This question's popped up a fair few times in the last couple of weeks/months. I wonder, if haven't already got one, might it be worth setting up a CentOS mailing list FAQ?
I think the general concensus in the past has been...
- Only allow SSH v2 RSA/DSA key-based authentication and use agent
forwarding (i.e. *not* passwordless private keys)

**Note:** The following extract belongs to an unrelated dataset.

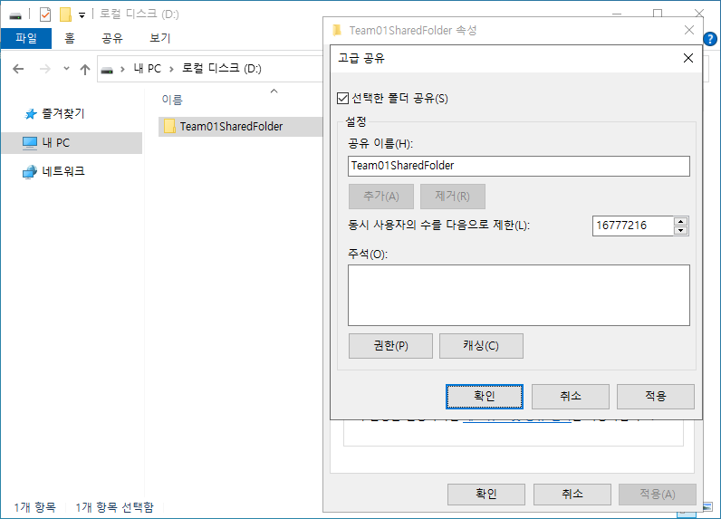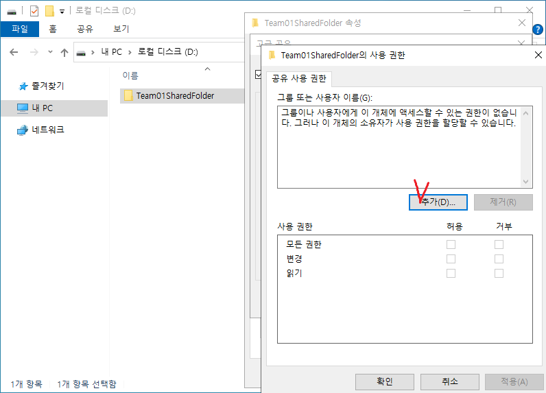 44. 사용자의 공유 그룹 추가를 마친다.

- Run SSHd on a non-standard port
- Disallow root logins via SSH
- Only allow users that belong to a specific group to connect via SSH,
typically people use the "wheel" group but a custom group is easily substituted
- Use a denyhosts script or similar
- If you know absolutely where all SSH connections originate from drop
all other traffic on that port bar the know IP address/range
As long as you at least understand the basics of how and why you're doing these things, the more layers of security you add the better.
Will. _______________________________________________ CentOS mailing list CentOS@centos.org http://lists.centos.org/mailman/listinfo/centos
Hi,
Thanks to everyone who responded. I learned a lot today.

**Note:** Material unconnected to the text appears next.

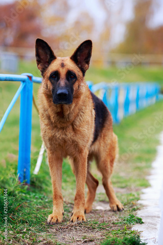 dog, breed, german, shepherd, german shepherd dog, standing, portrait, pet, fence, animal, young, closeup, purebred, thoroughbred, blue, 1, mammal, short, hair, wool, park, autumn, smile, abandoned, loneliness, sad, stadium, black, ginger, redhead, grass, green, cute, canino, nature, looking, background, open air, outdoors
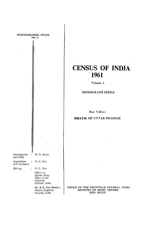 Monograph Series, Khatik of Uttar Pradesh, Part V-B (iv), Vol-I, Uttar Pradesh - Census 1961

What I've done is moved sshd to an alternate port, and also set up hosts.allow and hosts.deny by daemon, to only allow sshd to connect from hosts of mine without blocking other services.
Now when they scan port 22 sshd appears to not be running. If they do guess the alternate port and try a user/pass on it, they'll get stopped by tcpwrappers from even trying a password.
I like the sound of AFP; I didn't install it yet. It sounds like it gives the appearance of port 22 being closed, only it will allow connections from your chosen ips. It says on the web site there are rpms for it, but I didn't see them.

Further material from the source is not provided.